[Start of Attachment]

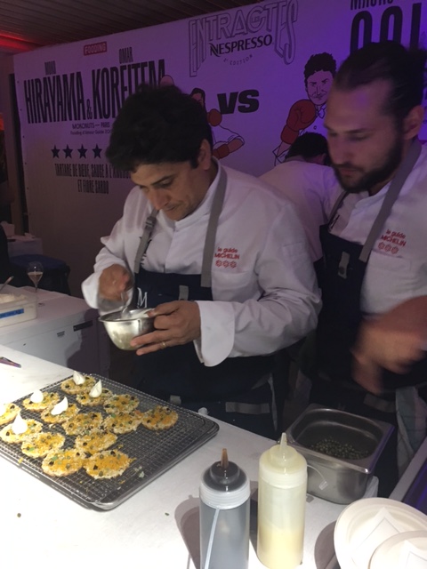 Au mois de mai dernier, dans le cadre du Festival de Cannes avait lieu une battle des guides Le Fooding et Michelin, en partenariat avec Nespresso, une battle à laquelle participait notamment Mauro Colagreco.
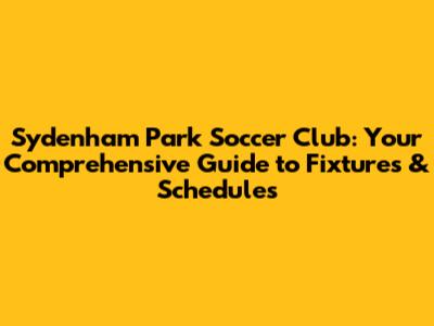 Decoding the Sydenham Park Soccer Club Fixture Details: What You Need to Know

[End of Attachment]
[Start of Attachment]

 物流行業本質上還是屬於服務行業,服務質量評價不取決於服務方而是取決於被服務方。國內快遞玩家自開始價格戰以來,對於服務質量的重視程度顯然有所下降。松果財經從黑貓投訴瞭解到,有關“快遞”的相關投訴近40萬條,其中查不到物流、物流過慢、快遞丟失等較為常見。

[End of Attachment]
[Start of Attachment]

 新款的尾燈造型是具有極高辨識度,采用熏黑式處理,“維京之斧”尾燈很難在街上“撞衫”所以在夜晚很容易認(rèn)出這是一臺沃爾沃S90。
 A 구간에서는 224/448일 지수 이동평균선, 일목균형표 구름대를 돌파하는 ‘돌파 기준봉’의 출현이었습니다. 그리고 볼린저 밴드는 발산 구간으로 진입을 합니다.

[End of Attachment]

• **EXERCISE DETAILS**
Look above for the line with "新款的尾燈造型是具有極高辨識" and the line with "A 구간에서는 224/448일", and reproduce exactly those two lines plus every line between, nothing more.

• **SOLUTION TO THIS TASK**
 新款的尾燈造型是具有極高辨識度,采用熏黑式處理,“維京之斧”尾燈很難在街上“撞衫”所以在夜晚很容易認(rèn)出這是一臺沃爾沃S90。
 A 구간에서는 224/448일 지수 이동평균선, 일목균형표 구름대를 돌파하는 ‘돌파 기준봉’의 출현이었습니다. 그리고 볼린저 밴드는 발산 구간으로 진입을 합니다.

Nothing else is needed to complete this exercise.